§ **Activity**
Return each entry word for word. Leave the images out.

Records excerpted from a collection:
§ §
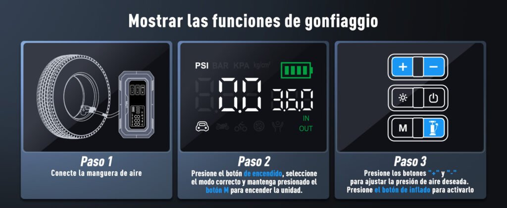 Usa los botones de la pantalla digital para ajustar el valor en PSI, BAR o KPA, según tu preferencia. - Activa el inflado automático
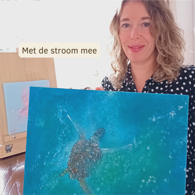 Met de stroom mee. Zo heb ik dit kunstwerk genoemd. Laat je zonder verzet meevoeren met alles wat het leven je brengt. Zoals de schildpad in de oceaan die zich laat meevoeren door de stromingen in zee. En zo vanzelf uitkomt op de plekken waar hij thuishoort.
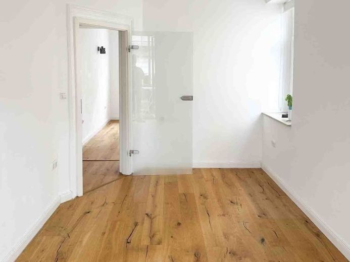 Die Wohnung befindet sich im Hochparterre eines gepflegten Wohnhauses, das 2015 umfassend saniert wurde. Sie bietet drei helle Zimmer, darunter eines mit Zugang zum Balkon, der sich ruhig zum Innenhof orientiert. In allen Räumen wurde ein geschmackvoller Echtholzparkettboden verlegt.
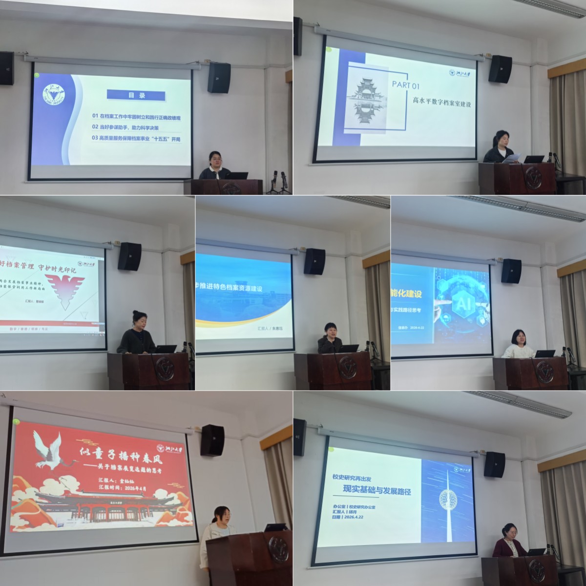 综合办公室主任刘新作“以高质量综合服务助力学校档案事业‘十五五’开新局”专题发言,收集指导办公室副主任毛文婷作“档案工作数智化转型方向与路径探讨”专题发言,保管利用办公室副主任曹媛媛作“贯彻两会发展档案事业精神 开创档案保管利用工作新局面”专题发言,特种档案办公室主任朱惠珏作“稳步推进特色档案资源建设”专题发言,信息开发办公室主任傅天珍作“档案智能化建设——AI赋能与实践路径思考”专题发言,编研展览办公室副主任金灿灿作“似童子播种春风——关于档案展览选题的思考”专题发言,校史研究室副主任邱月作“校史研究再出发——现实基础与发展路径”专题发言。
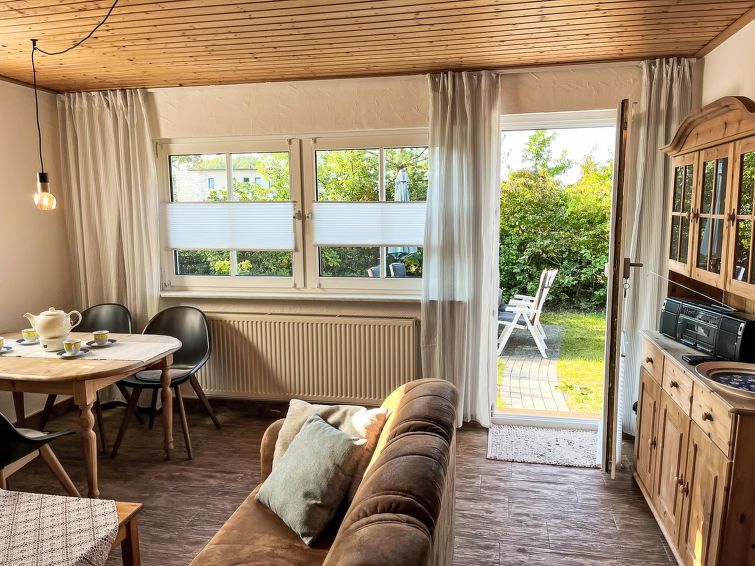 "InselkojeZwo", 3-room bungalow 65 m2. Object suitable for 5 adults. Cosy furnishings: living/dining room with satellite TV (flat screen). 1 room with 1 double bed (180 cm, length 200 cm). 1 room with 1 double bed (180 cm, length 200 cm), 1 pull-out bed (2 pers. 2 x 90 cm, length 200 cm).
§ §
§ **The answer**
 Usa los botones de la pantalla digital para ajustar el valor en PSI, BAR o KPA, según tu preferencia. - Activa el inflado automático
 Met de stroom mee. Zo heb ik dit kunstwerk genoemd. Laat je zonder verzet meevoeren met alles wat het leven je brengt. Zoals de schildpad in de oceaan die zich laat meevoeren door de stromingen in zee. En zo vanzelf uitkomt op de plekken waar hij thuishoort.
 Die Wohnung befindet sich im Hochparterre eines gepflegten Wohnhauses, das 2015 umfassend saniert wurde. Sie bietet drei helle Zimmer, darunter eines mit Zugang zum Balkon, der sich ruhig zum Innenhof orientiert. In allen Räumen wurde ein geschmackvoller Echtholzparkettboden verlegt.
 综合办公室主任刘新作“以高质量综合服务助力学校档案事业‘十五五’开新局”专题发言,收集指导办公室副主任毛文婷作“档案工作数智化转型方向与路径探讨”专题发言,保管利用办公室副主任曹媛媛作“贯彻两会发展档案事业精神 开创档案保管利用工作新局面”专题发言,特种档案办公室主任朱惠珏作“稳步推进特色档案资源建设”专题发言,信息开发办公室主任傅天珍作“档案智能化建设——AI赋能与实践路径思考”专题发言,编研展览办公室副主任金灿灿作“似童子播种春风——关于档案展览选题的思考”专题发言,校史研究室副主任邱月作“校史研究再出发——现实基础与发展路径”专题发言。
 "InselkojeZwo", 3-room bungalow 65 m2. Object suitable for 5 adults. Cosy furnishings: living/dining room with satellite TV (flat screen). 1 room with 1 double bed (180 cm, length 200 cm). 1 room with 1 double bed (180 cm, length 200 cm), 1 pull-out bed (2 pers. 2 x 90 cm, length 200 cm).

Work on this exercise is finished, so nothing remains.